I admire the savvy strategy of DC Rebirth’s new, more affordable, more focused lineup. It’ll probably be better for streamlined storytelling, easier for new readers, and more comforting to old-school Fans.
But here’s the thing about focusing: what are you choosing to focus on, and what are you leaving out?
Namely, there is a glaring, huge, utterly embarrassing disparity in the creative teams, and especially in the writing teams, that DC announced on Saturday. DC Rebirth’s writers are overwhelmingly white and male. Thank goodness for Amanda Conner and everything, but why is there not a single, solitary female writer on any male-led book? (Is this a company policy or something? Because it’s driving me up the darn wall.)
Snyder and Romita, talkin' bout Batman and "doing all the Villains again in sequence" pic.twitter.com/tgiUHR0Z63
— Meghan Kemp-Gee (@MadMollGreen) March 26, 2016
@thesteveorlando , talkin' 'bout Supergirl, heroism, and being an outsider @ #DCRebirth announcement pic.twitter.com/ggqUGkKroz
— Meghan Kemp-Gee (@MadMollGreen) March 26, 2016
It’s not like there’s no diversity in the lineup. We’re down to two LGBTQ-led titles (Harley Quinn and Hellblazer), but at least we still have two. (Here’s glaring at you, Marvel.) Overnight sensation Midnighter is conspicuously absent, but rumor has it that he’ll be showing up in Nightwing’s book. Steve Orlando is assigned to Supergirl for a story about being an outsider and crossing cultures. Gene Yang is writing a cool-sounding Super-Man, reimagining Shanghai as a real-world Metropolis. In Green Lanterns, Sam Humphries is introducing rookie Green Lanterns (and new characters!!!) Jessica Cruz and Simon Baz. And John Semper is definitely onto something special with Cyborg that has him name-dropping Ray Kurzweil and contemplating real-world race relations in Chicago. Nobody mentioned it at the announcement, but the excellent DC Bombshells is still happening, albeit in its digital-first, alternate-continuity capacity.

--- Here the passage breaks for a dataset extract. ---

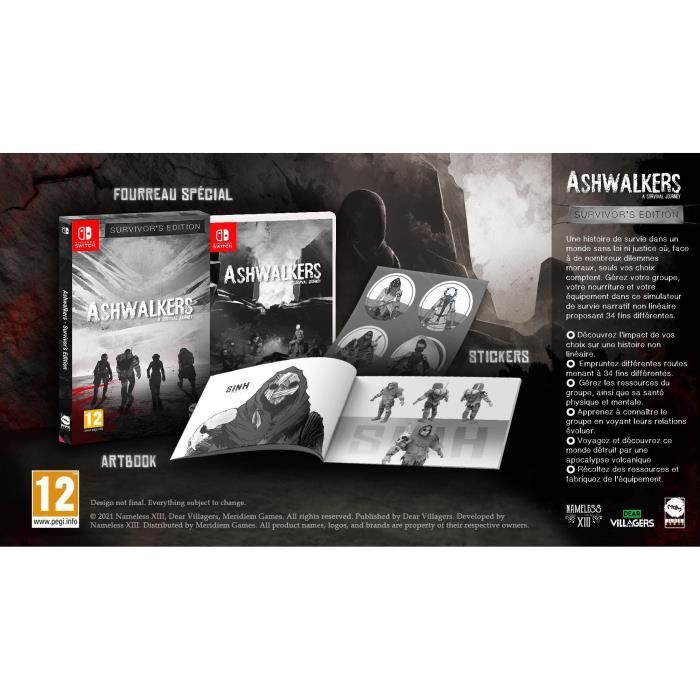 Plus-Produit : - le jeu - le fourreau spécial - l'Artbook - la planche de stickers Développé par Nameless XIII et édité par Dear Villagers, le jeu raconte le périple de quatre aventuriers devant braver les obstacles d'un univers impitoyable, et prendre des décisions difficiles qui influenceront le cours de leur histoire. Les joueurs devront notamment gérer la nourriture et l'équipement du groupe, et progresser à l'aide à un gameplay narratif dynamique pour découvrir les multiples fins du jeu. Ashwalkers - Survivor's Edition proposera un fourreau spécial, un artbook, et une planche de stickers des personnages du jeu. A la suite d'une ancienne catastrophe géologique, un groupe de survivants appelé \"La Section\" doit prendre la route dans un monde ravagé, en quête d'un refuge pour leur peuple. Mais pour parvenir à cet endroit salvateur, ils devront traverser des terres désolées et se confronter à des dilemmes moraux complexes.

John Semper talkin' Cyborg, souls, and the robot singularity. pic.twitter.com/dZJwEwBZUr
— Meghan Kemp-Gee (@MadMollGreen) March 26, 2016
Amanda Conner's team wondering what they can get away with in Harley Quinn #DCRebirth pic.twitter.com/mDu31W3uUB
— Meghan Kemp-Gee (@MadMollGreen) March 26, 2016
So there are positives. DC teased us with some really cool-looking costume redesigns. There are some capable, proven teams being announced to these books. There will be, at the very least, some competent, dependable storytelling going on. I’m not going to lie: I’m curious about the Joker teaser (Watch the video if you’re not afraid of spoilers). I can’t wait to catch another glimpse of Carmine Di Giandomenico’s Flash. Julie and Shawna Benson are promising on Birds of Prey. Scott Snyder’s probably going to continue to be Scott Snyder (That’s a compliment, okay?). Wonder Woman is not—as briefly, deliciously rumored—being written by Marguerite Bennett, but at least she’s being drawn by Nicola Scott.
So there you have it. The good and the bad, the hopeful and the pessimistic, the old and the… well, it’s mostly old, isn’t it? Like I said, this is all about re-focus. It’s a matter of perspective. It’ll be interesting to see what gets re-invented, and what gets left behind entirely.